Lo ius soli e l’ultima goccia
Lo ius soli è stata l’ultima goccia. Dopo aver proposto e sostenuto l’approvazione della legge alla Camera nonostante gli ululati di Lega ed estrema destra, Renzi si è improvvisamente accorto che nei sondaggi l’approvazione di quella legge, che di “ius soli” in senso tecnico ha solo il nome – ma è proprio quello a fare paura – avrebbe portato il PD a perdere due punti percentuali. Una situazione surreale visto che questo tipo di conti di solito si fa prima e non dopo. E che disegna, spiega oggi Massimo Franco sul Corriere della Sera, i contorni di un partito incapace di aggregare:
Il problema è che ormai si erano delineati due campi incompatibili tra loro, e divisi da odi politici irriducibili: anche per questo nessuno si fidava delle garanzie offerte. E agli interlocutori era sempre più chiaro che a loro rimaneva il ruolo residuale dei satelliti, attirati con il miraggio di seggi sicuri soltanto sulla carta. Ma soprattutto, si è sedimentata l’impressione di una riforma elettorale fatta male e con effetti paradossali. Un Pd sicuro di tagliare le unghie al Movimento Cinque stelle e di costringere i frammenti della sinistra a trattare da una posizione di subalternità, si è ritrovato spiazzato.

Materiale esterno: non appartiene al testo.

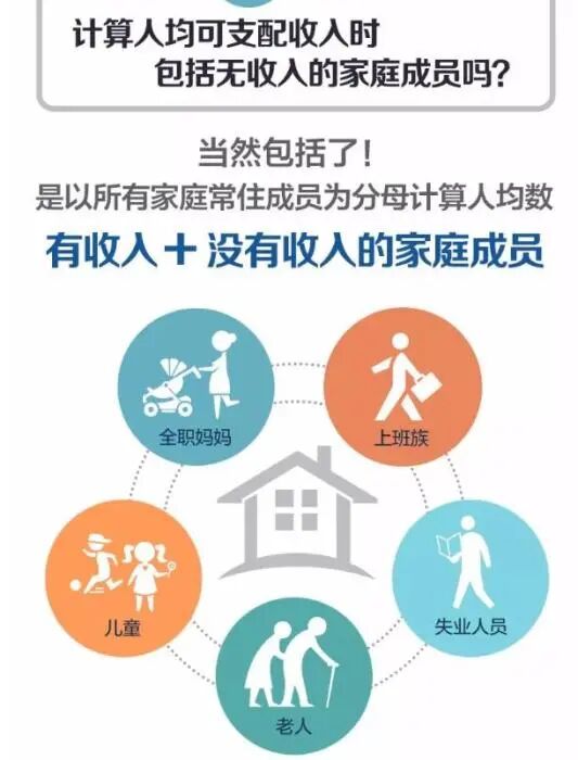 需要注意的是,计算人均可支配收入时包括无收入的家庭成员,是以所有家庭常住人员为分母计算人均数。

Ha capito, dalle elezioni in Sicilia a ottobre, che il vantaggio della «sua» riforma andava a beneficio del centrodestra e delle sue capacità di coalizzarsi; e che, invece dell’inseguimento nostalgico del 40 per cento delle Europee del 2014, e del 41 per cento del referendum perso un anno fa, doveva cercare rapidamente alleati. L’operazione non è riuscita. E, segnale peggiore per il Pd, il gruppo degli scissionisti di Mdp, più SI e altri,si è compattato intorno a Grasso. L’arrivo dei seguaci di Pisapia non aggiungerà granché in termini di voti; ma simbolicamente accentua l’immagine di un Pd incapace di aggregare. Renzi non sopravvaluta quanto è successo.

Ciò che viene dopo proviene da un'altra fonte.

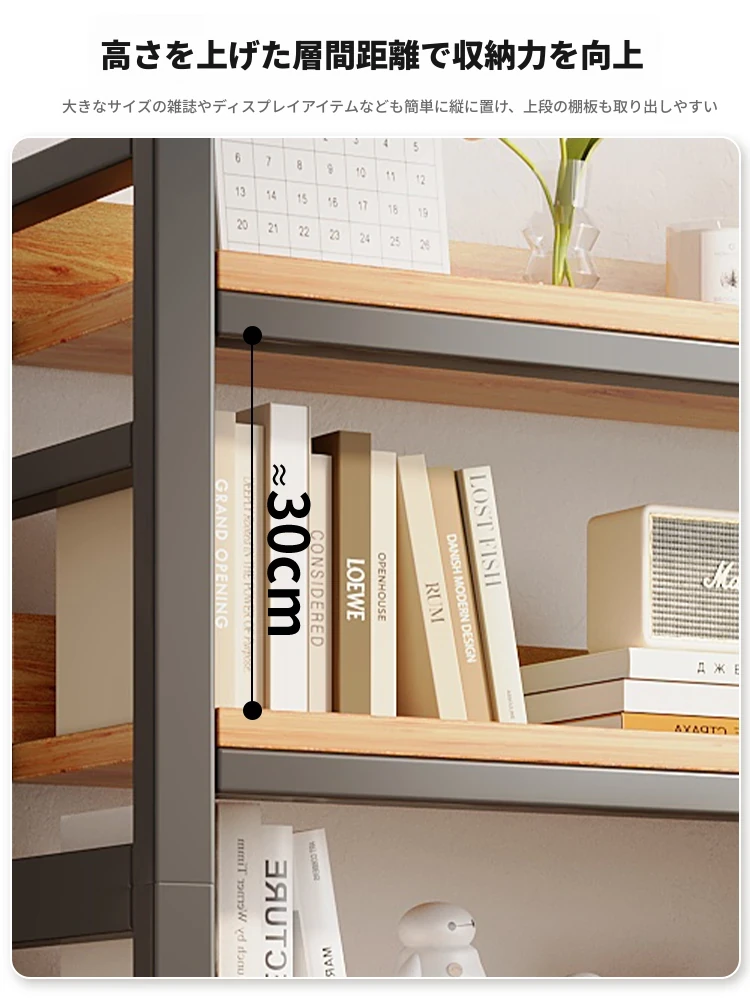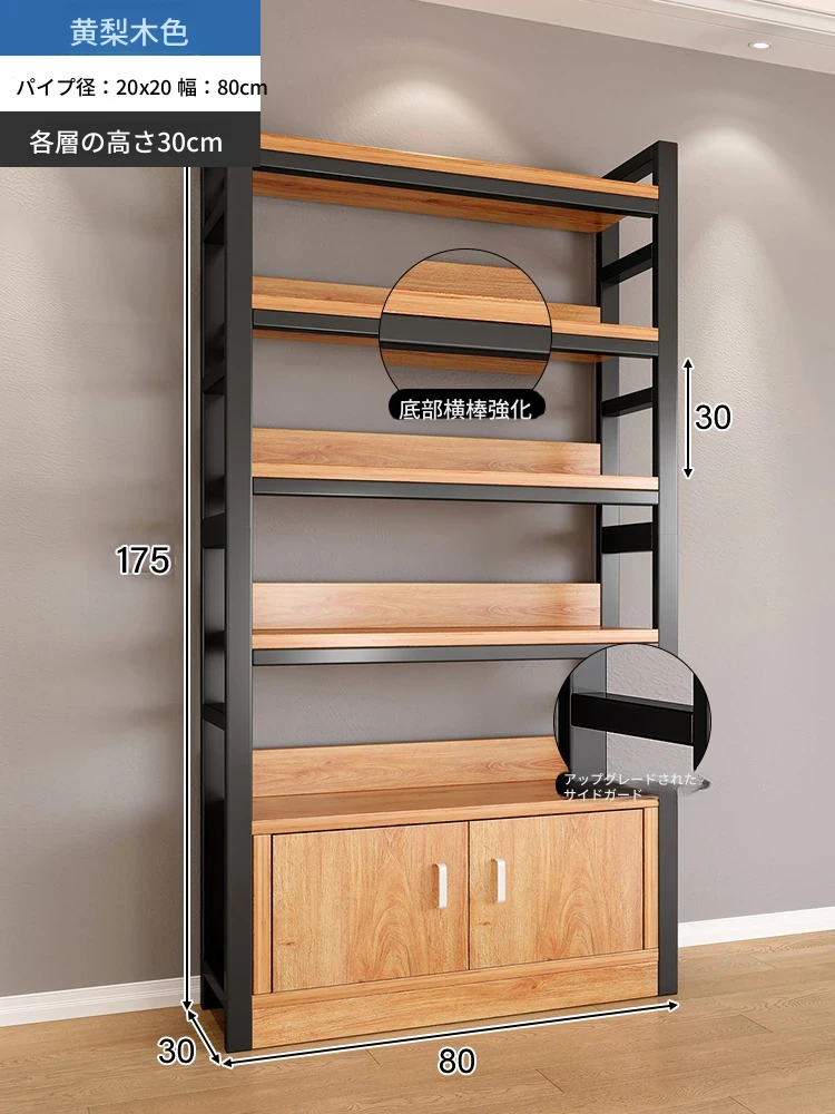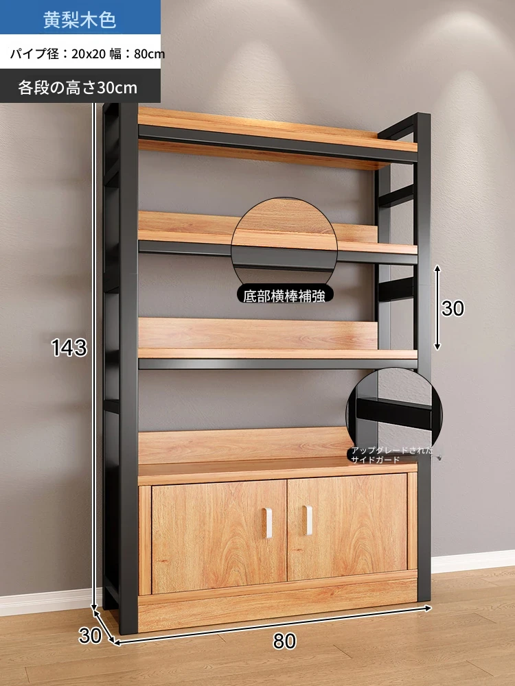 【30層高 アップグレードサイドガード】パインウッド+黒フレーム五段80CM

L’appeal elettorale di Casini e Lorenzin
Al di là delle ironie ora sarà difficile valutare l’appeal elettorale degli uomini che la coalizione di centrosinistra vorrà portare con sé al prossimo giro. Pierferdinando Casini, ad esempio, dovrà anche spiegare le facili intuizioni che avrà chi farà sarcasmo sulla presidenza della Commissione banche. Beatrice Lorenzin, alfiere della campagna sulle vaccinazioni obbligatorie, si presenterà in campagna elettorale con molti haters al seguito. Ci sarà poi una lista di sinistra, con i centristi di Cp, Leoluca Orlando ed ex Sel come il sindaco di Cagliari Zedda, oltre a Socialisti e Verdi: girano già bozzetti del simbolo “Sinistra e Progresso” con un sole che ride e una rosa. Infine, i Dem sperano di attrarre i Radicali di +Europa, che domani vedranno Gentiloni per chiedere di dimezzare le firme per presentare liste alle elezioni, ma il cui ok non è scontato. Senza Pisapia, dicono i pasdaran renziani, il leader Dem sarà più libero di guadagnare terreno al centro.
Ma il centro è il terreno di caccia di Silvio Berlusconi, professionista del settore, e di Luigi Di Maio che si presenta alla liquefazione del sangue di San Gennaro. Con un’incognita in più: dal 1994 gli italiani al voto hanno punito, spesso severamente, chi si presentava alle urne dopo aver governato.